A polêmica vai longe. Donadio, por exemplo, compara os preços dos tratamentos nos EUA (US$ 5.500, segundo ele) e na França (US$ 1.840) para sublinhar vantagens da técnica européia. Eduardo Motta, que montou com Serafini a clínica paulistana, afirma que o custo na França é subsidiado pelo governo.
Em meio ao bate-boca, inesperadamente, o próprio Nilson Donadio pára para elogiar Paulo Cesar Serafini. Diz que ele é muito competente ("mas os brasileiros também são") e se declara um bom amigo dele. Calmo, diz que a história pessoal do médico gaúcho estabelecido nos Estados Unidos é emocionante.
Dá como exemplo a extrema dedicação ao filho. É o próprio Serafini quem diz, "ele é o motivo único da minha força, tudo o que eu faço eu faço orientado por ele". Gustavo, logo que nasceu, foi levado aos Estados Unidos. Em 18 anos, melhorou muito. "Hoje, graças a Deus, ele está bom. Quer dizer, bom dentro dos parâmetros dele."
Religião
Gustavo vive sozinho em Chicago e cursa direito, "e está indo muito bem". A luta contra a doença do filho e um terremoto que, dois anos atrás, destruiu sua casa, sem vítimas, levaram Serafini a tornar-se religioso.
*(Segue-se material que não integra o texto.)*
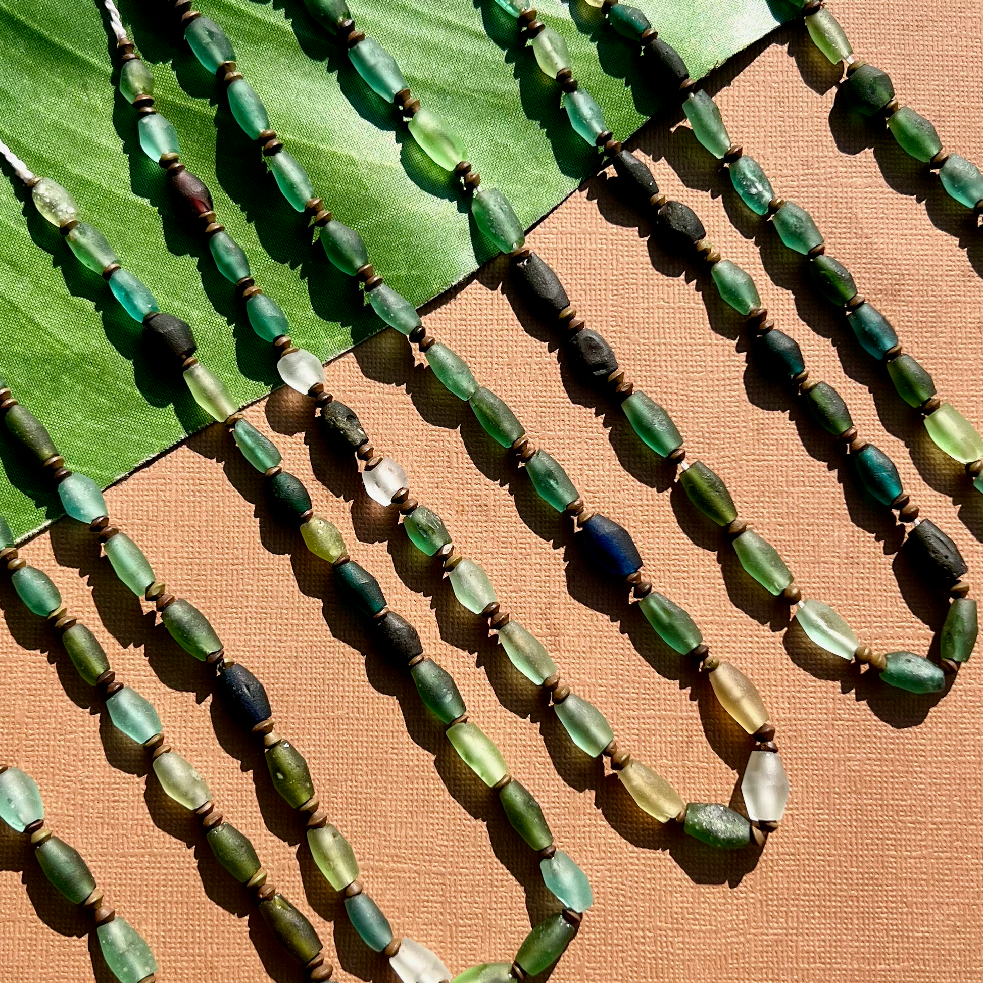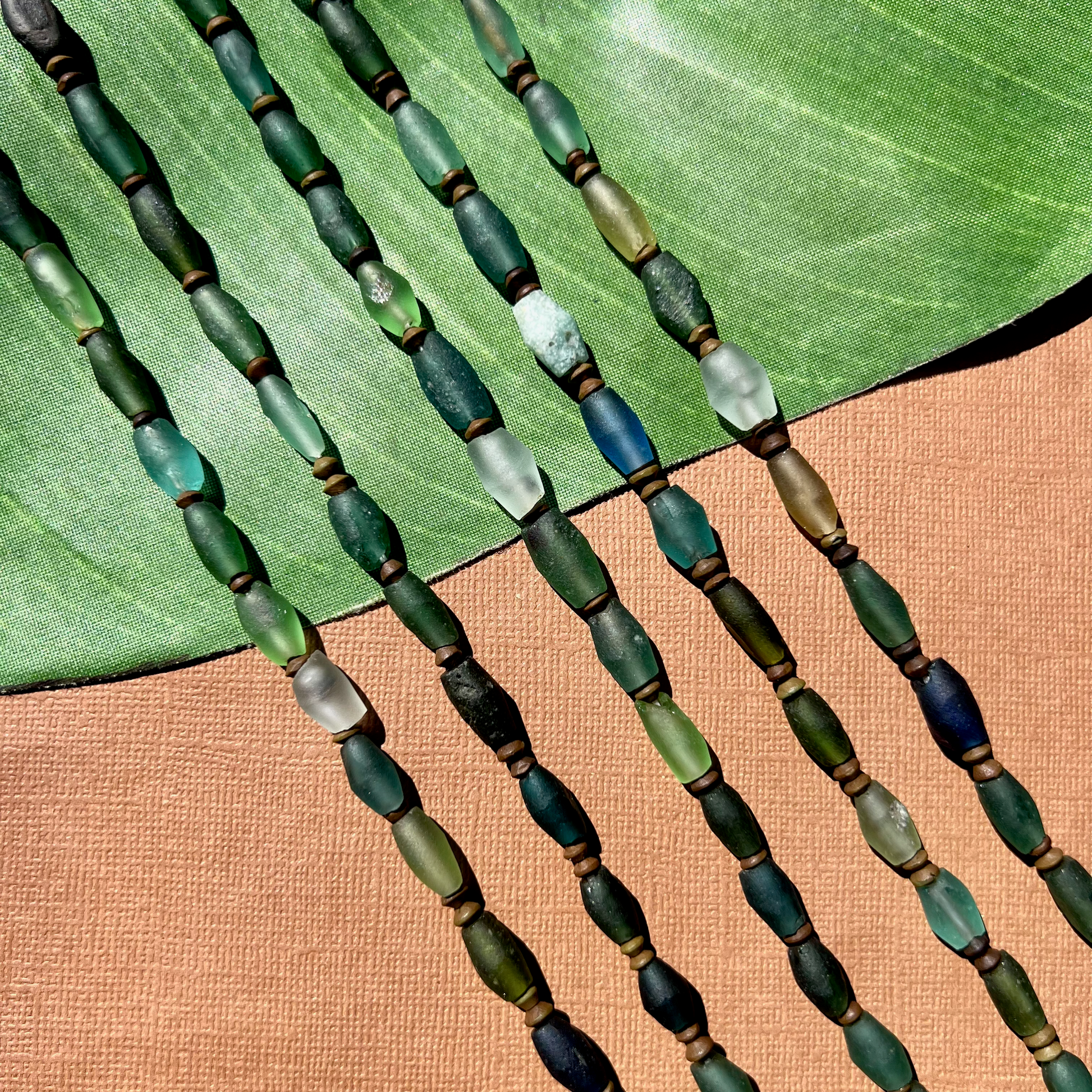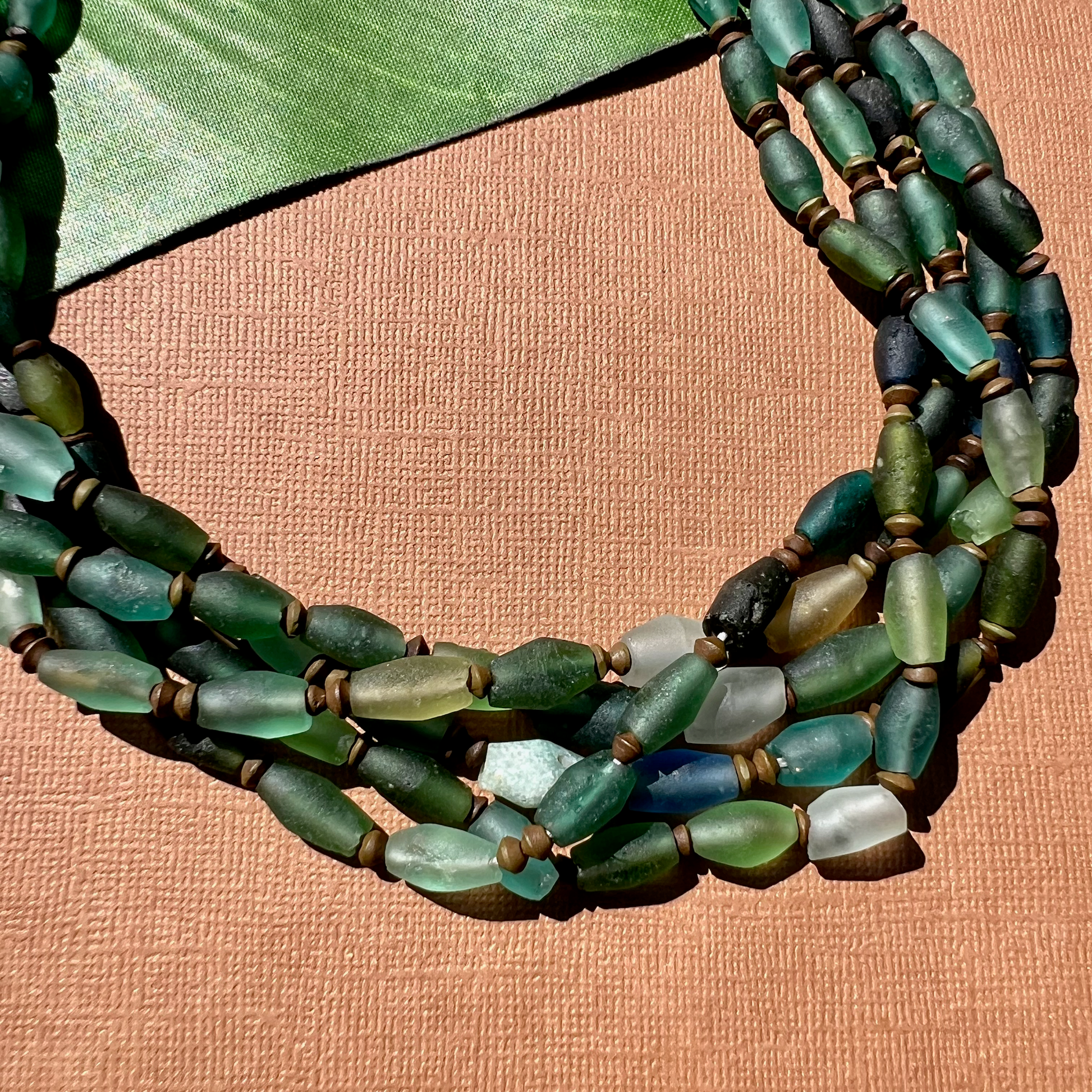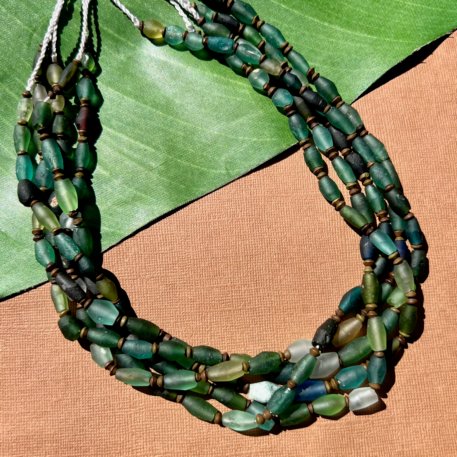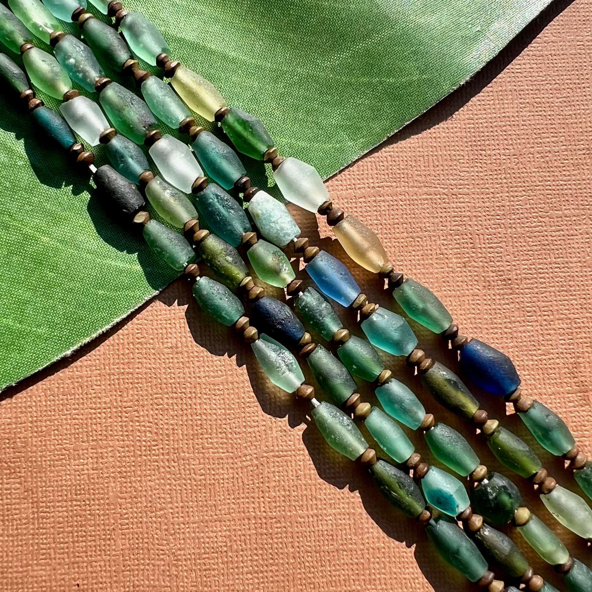 Ancient silk road glass is found along the old trade route known as the Silk Road. Silk road glass is often referred to as Roman Glass. Strands are temporarily strung.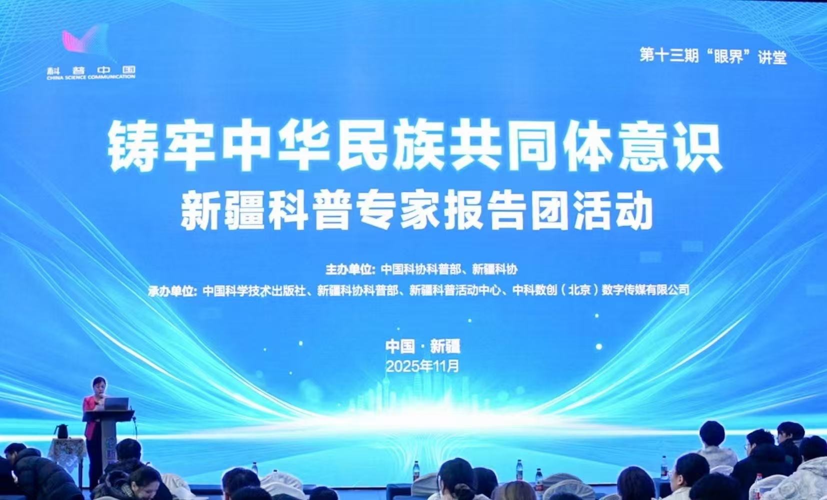 11月17日,由中国科协科普部、新疆维吾尔自治区科协共同主办的“铸牢中华民族共同体意识”新疆科普专家报告团活动暨2025年第十三期“眼界”讲堂在新疆科协会堂举办。

Católico, ele menciona Deus e questões religiosas a todo momento. Está sempre a falar em "valores religiosos" na prática médica.
Foi por meio de um religioso, um rabino de Nova York, que ele foi tratar a primeira brasileira, nos Estados Unidos, em 1986. Era uma judia ortodoxa que, depois de muitas tentativas no Brasil, apelou ao rabino, que indicou Serafini na Califórnia. "Como é que ele soube do meu nome nunca foi explicado", lembra o médico, rindo.
Ela ficou grávida já no primeiro tratamento e, de volta ao Brasil, iniciou o que Serafini, sem encontrar as palavras em português, chamou de "snowball phenomenon", ou bola de neve. A primeira clínica Huntington no Brasil seria aberta em 94, em Vitória.
Kanduxa Mendes Pereira, 36, gerente da Daslu -butique refinada paulistana-, foi sua paciente na Califórnia e depois em São Paulo, e fala com entusiasmo do médico. Fez a fertilização in vitro e a transferência via útero ("eu não faço laparoscopia"). Diz ter ficado "satisfeitíssima" e ter recomendado "para muitas amigas".
Despreocupada da polêmica entre os médicos, ela distancia Paulo Cesar Serafini dos demais. "A gente tem ótimos profissionais", diz. "Mas eu não comparo nenhum a ele. A competência dele é acima de qualquer outro."